Charles Laberge (October 21, 1827 - August 3, 1874) was a Quebec lawyer, journalist and political figure.

He was born in Montreal, Lower Canada, in 1827 and studied at the Séminaire de Saint-Hyacinthe from 1838 to 1845, when he completed his classical studies. During his time in school, he helped found the Institut canadien de Montréal. He articled in law with René-Auguste-Richard Hubert at Montreal and was admitted to the bar in 1848. Laberge entered practice with Toussaint-Antoine-Rodolphe Laflamme, later setting up on his own at Saint-Jean-d'Iberville. He was an early contributor to the newspaper L'Avenir. He supported annexation with the United States. In 1854, Laberge was elected to the Legislative Assembly of the Province of Canada for Iberville as a member of the parti rouge.

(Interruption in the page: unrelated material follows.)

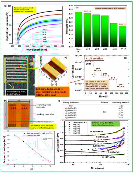 A glimpse of ZnO-based pH sensing electrode development: effects of pH on the optical properties of ZnO film (a), thus leading to determine the pH dependence of the bandgap of ZnO film (b); photolithography-assisted developed ZnO-coated ultra-sensitive silver integrated electrode (IDE), and the steady-state current response performance with different pH solutions (c,d); development of and performance comparison in terms of average sensitivity for ZnO and aluminum doped ZnO (AZO)-based pH electrodes (e), and the sensitivity improvement on Magnesium (Mg)-doped ZnO pH sensing electrodes (f) [47,50,51].

He was reelected in 1858 and was named solicitor general later that year; he retired from politics in 1860. Laberge was named Queen's Counsel in 1858. As a loyal Catholic, he was greatly disturbed when the church condemned the Institut canadien de Montréal in 1858. He married Hélène-Olive, daughter of Joseph-Ovide Turgeon, in 1859. In 1860, with Félix-Gabriel Marchand, he found the paper Le Franco-Canadien; he also contributed to L'Ordre at Montreal. In 1863, he was appointed judge in the Quebec Superior Court at Sorel. He opposed Confederation, but ran unsuccessfully in Saint-Jean in 1867. He served two terms as mayor of Saint-Jean-d'Iberville. In 1872, he became editor of Le National at Montreal.

He died in Montreal in 1874 and was buried in the Notre-Dame-des-Neiges Cemetery.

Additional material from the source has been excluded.